— Extracted records —
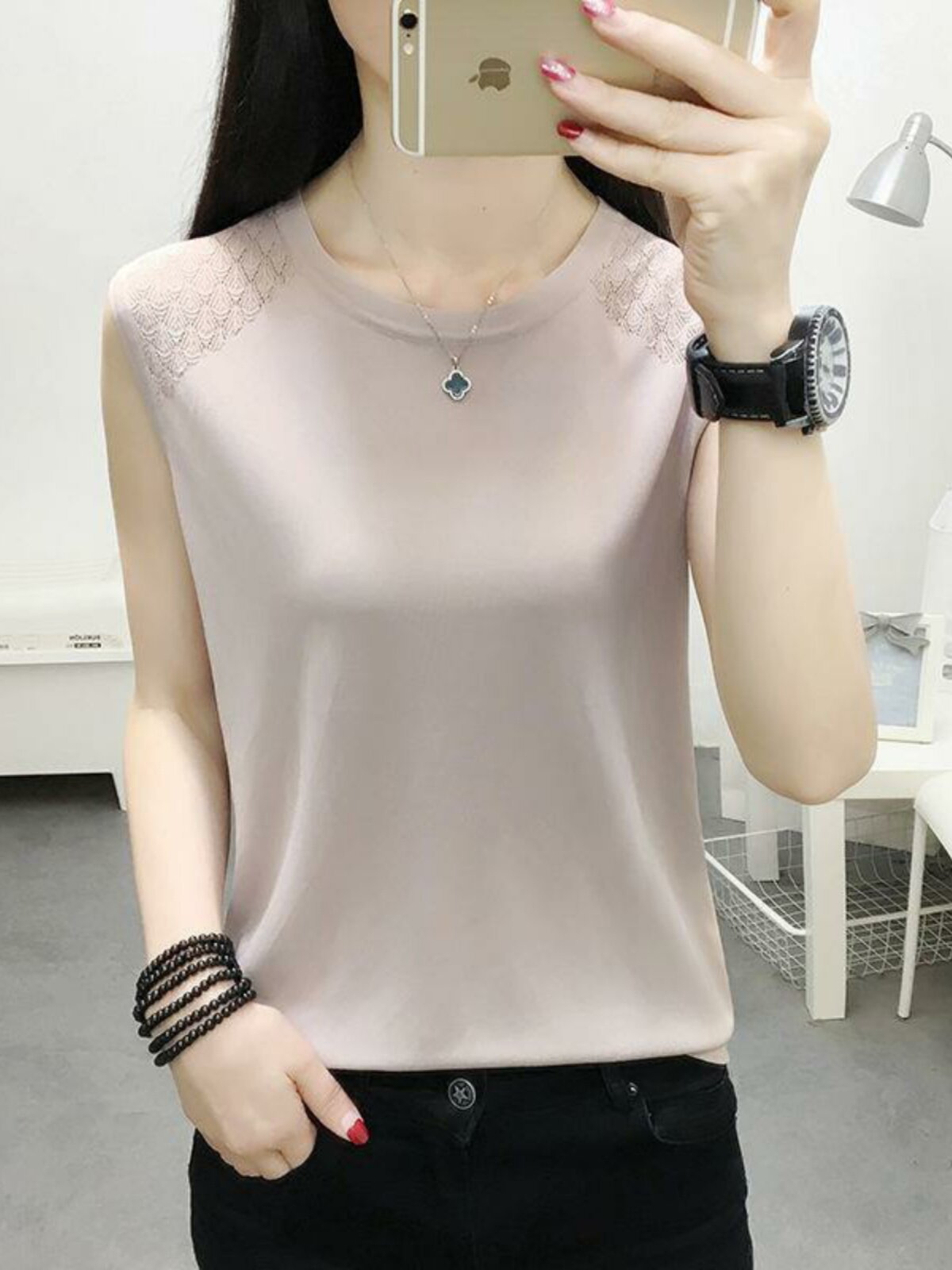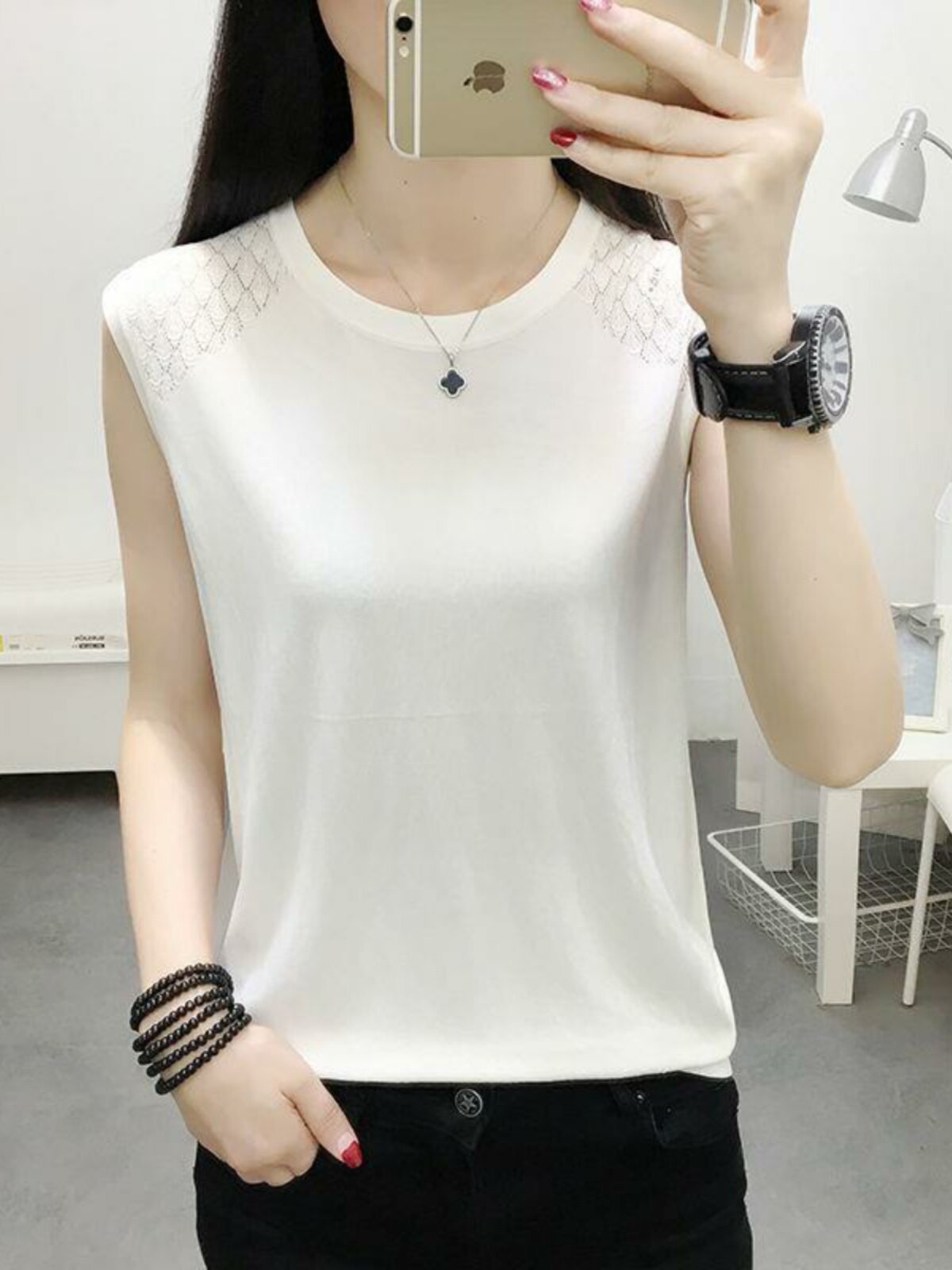 Шелковая майка топ, трикотажная футболка без рукавов, короткий тонкий свитер, свободный крой
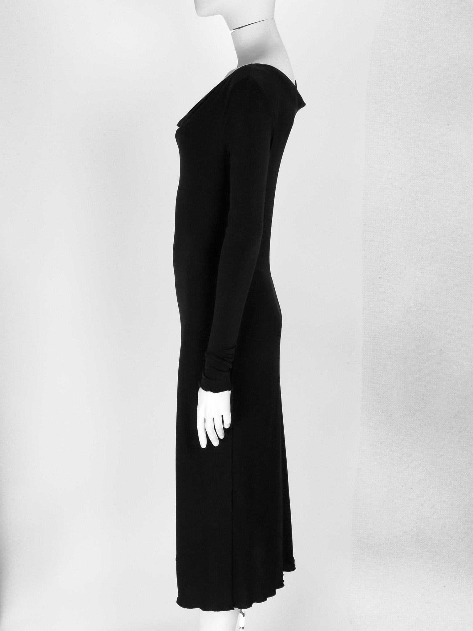 "Czarna sukienka, dopasowany krój, długi rękaw, lejący materiał, odwijany dekolt w łódkę na przodzie i z tyłu na plecach, długość midi. Rozmiar z metki IT 40. Skład: 64% rayon, 26% poliamid, 10% elastan. Wymiary: szerokość mierzona od pachy do pachy 45cm, długość całkowita 116cm."
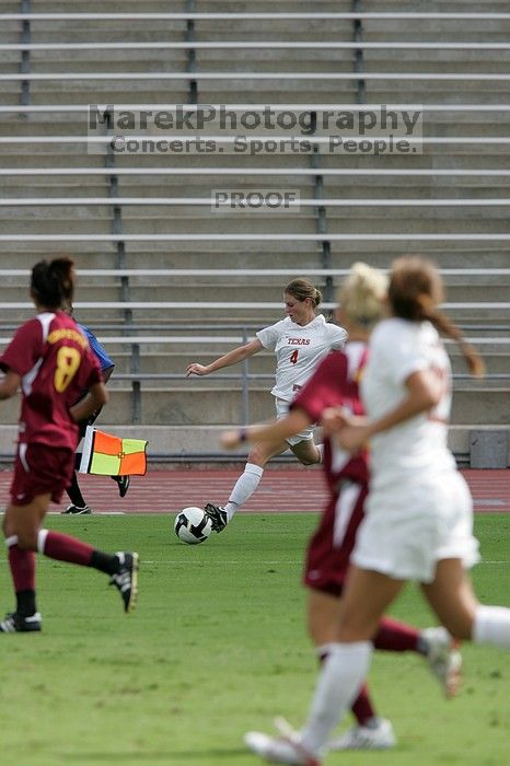 UT senior Jill Gilbeau (#4, Defender and Midfielder).  The University of Texas women's soccer team won 2-1 against the Iowa State Cyclones Sunday afternoon, October 5, 2008.
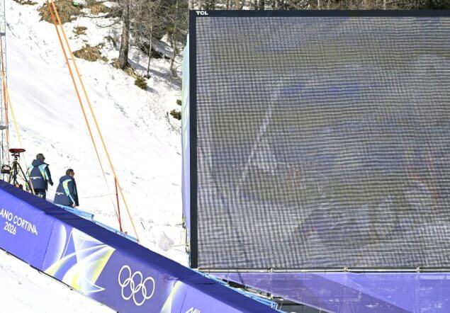 Der Sturz von Lindsey Vonn (USA) ist auf einem Bildschirm zu sehen, aufgenommen am Sonntag, 08. Februar 2026, im Rahmen der Abfahrt der Frauen in Cortina d'Ampezzo.APA/Hans Klaus Techt
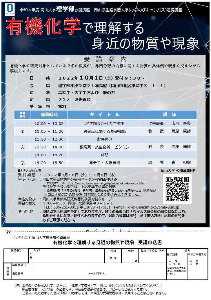 国立大学法人岡山大学(本部:岡山市北区、学長:槇野博史)理学部では、公開講座「有機化学で理解する身近の物質や現象」(岡山県生涯学習大学(のびのびキャンパス)連携講座)を2022年10月1日(土)に本学津島キャンパス(岡山市北区)の理学部本館で開催します。
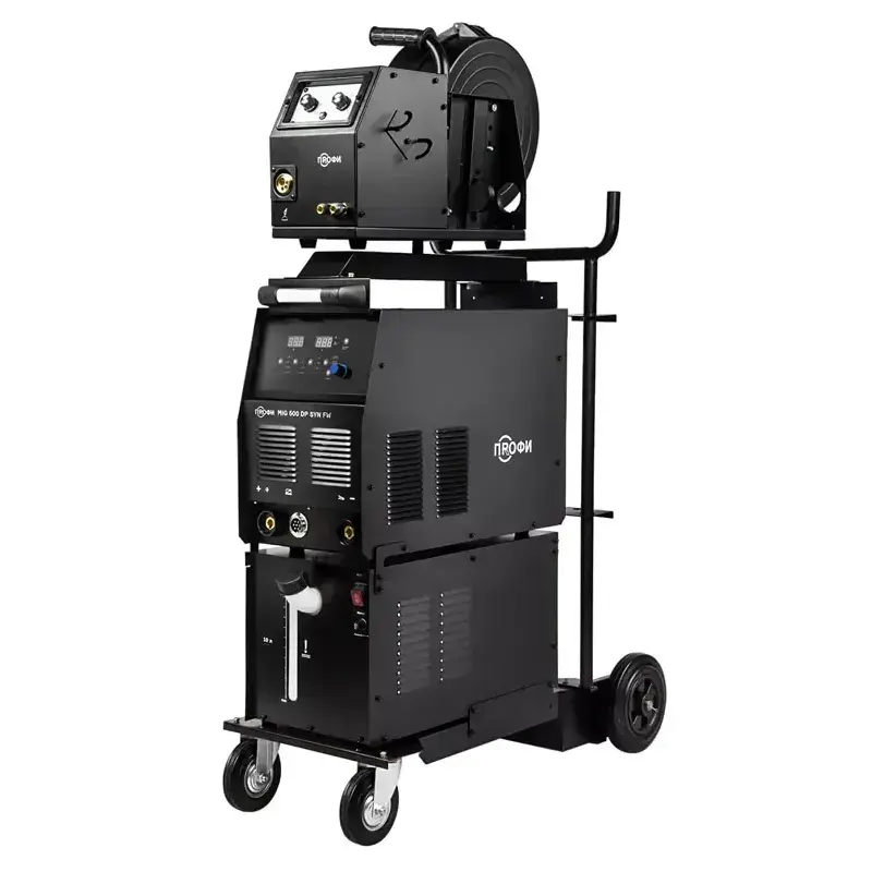 Полуавтомат ПРОФИ MIG 500 DP SYN FW поставляется с блоком водяного охлаждения объемом до 10 литров и с тележкой-платформой, для легкого и комфортного перемещения и эксплуатацию оборудования. Тележка оснащена надежной усиленной конструкцией. На нее можно установить сварочный источник, выносной подающий механизм, блок жидкостного охлаждения и газовый баллон объемом 40 литров.

— ABOUT THIS EXERCISE —
Give again, exactly, the lines starting at the first entry above and ending at the line with "国立大学法人岡山大学(本部:岡山市北区、"; please leave pictures out.

— RESPONSE TO THIS EXERCISE —
 Шелковая майка топ, трикотажная футболка без рукавов, короткий тонкий свитер, свободный крой
 "Czarna sukienka, dopasowany krój, długi rękaw, lejący materiał, odwijany dekolt w łódkę na przodzie i z tyłu na plecach, długość midi. Rozmiar z metki IT 40. Skład: 64% rayon, 26% poliamid, 10% elastan. Wymiary: szerokość mierzona od pachy do pachy 45cm, długość całkowita 116cm."
 UT senior Jill Gilbeau (#4, Defender and Midfielder).  The University of Texas women's soccer team won 2-1 against the Iowa State Cyclones Sunday afternoon, October 5, 2008.
 Der Sturz von Lindsey Vonn (USA) ist auf einem Bildschirm zu sehen, aufgenommen am Sonntag, 08. Februar 2026, im Rahmen der Abfahrt der Frauen in Cortina d'Ampezzo.APA/Hans Klaus Techt
 国立大学法人岡山大学(本部:岡山市北区、学長:槇野博史)理学部では、公開講座「有機化学で理解する身近の物質や現象」(岡山県生涯学習大学(のびのびキャンパス)連携講座)を2022年10月1日(土)に本学津島キャンパス(岡山市北区)の理学部本館で開催します。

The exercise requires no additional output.